**Exercise:** Each line of the material should be set down exactly. Pictures are not part of the copy.

**Collected material:**
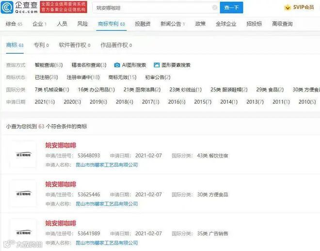值得一提的是,姚安娜相关商标曾屡次被抢注,企查查APP显示,截至目前2021年,“姚安娜”商标申请数量达76件。2月7日,昆山市饰馨家工艺品有限公司申请注册多个“姚安娜咖啡”商标,国际分类涉广告销售、餐饮住宿、方便食品等,该公司与华为无商业关联。
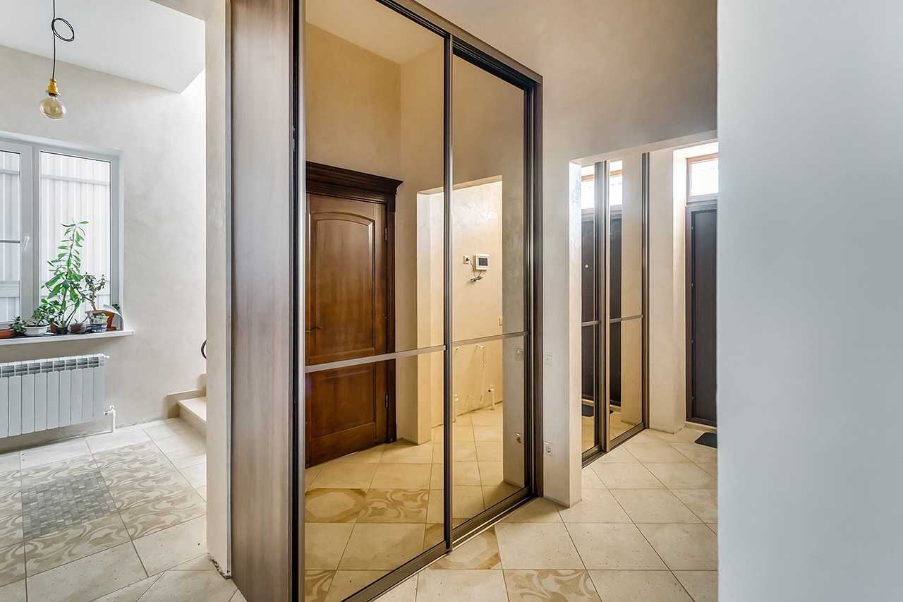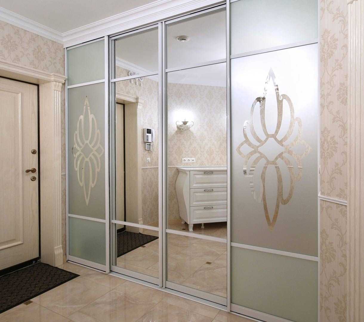 - Зеркальные дверцы — визуально расширяют небольшие помещения, делают их светлее. Те же функции выполняют стекла с пленкой или матовым орнаментом, витражи.
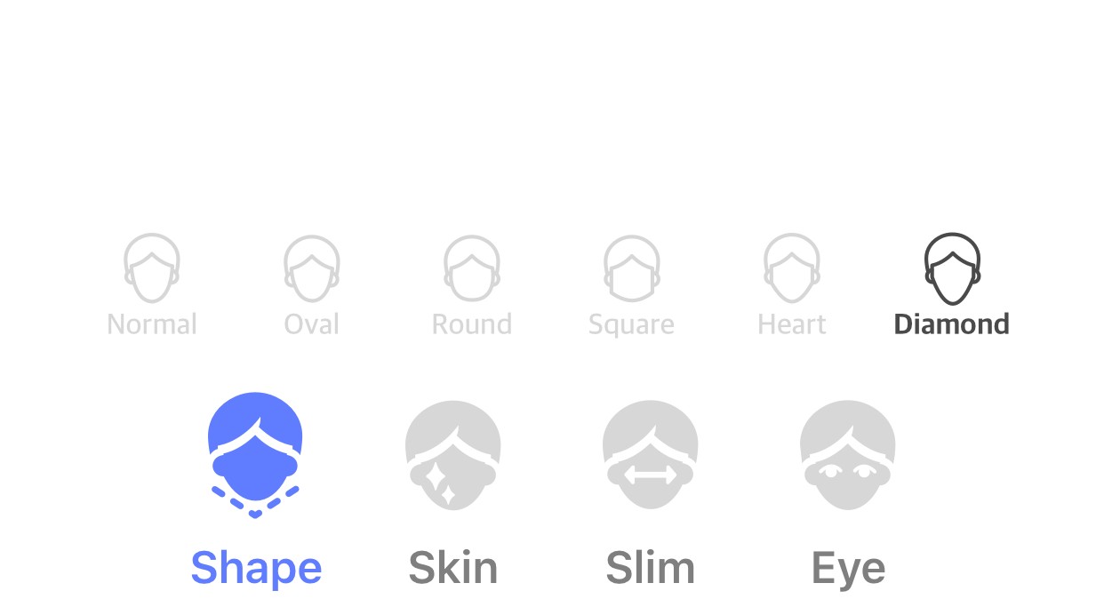 - 「肌磨き」や「スリム」「顎」を補正して顔の輪郭と肌を整えます。

**Result of this exercise:**
值得一提的是,姚安娜相关商标曾屡次被抢注,企查查APP显示,截至目前2021年,“姚安娜”商标申请数量达76件。2月7日,昆山市饰馨家工艺品有限公司申请注册多个“姚安娜咖啡”商标,国际分类涉广告销售、餐饮住宿、方便食品等,该公司与华为无商业关联。
 - Зеркальные дверцы — визуально расширяют небольшие помещения, делают их светлее. Те же функции выполняют стекла с пленкой или матовым орнаментом, витражи.
 - 「肌磨き」や「スリム」「顎」を補正して顔の輪郭と肌を整えます。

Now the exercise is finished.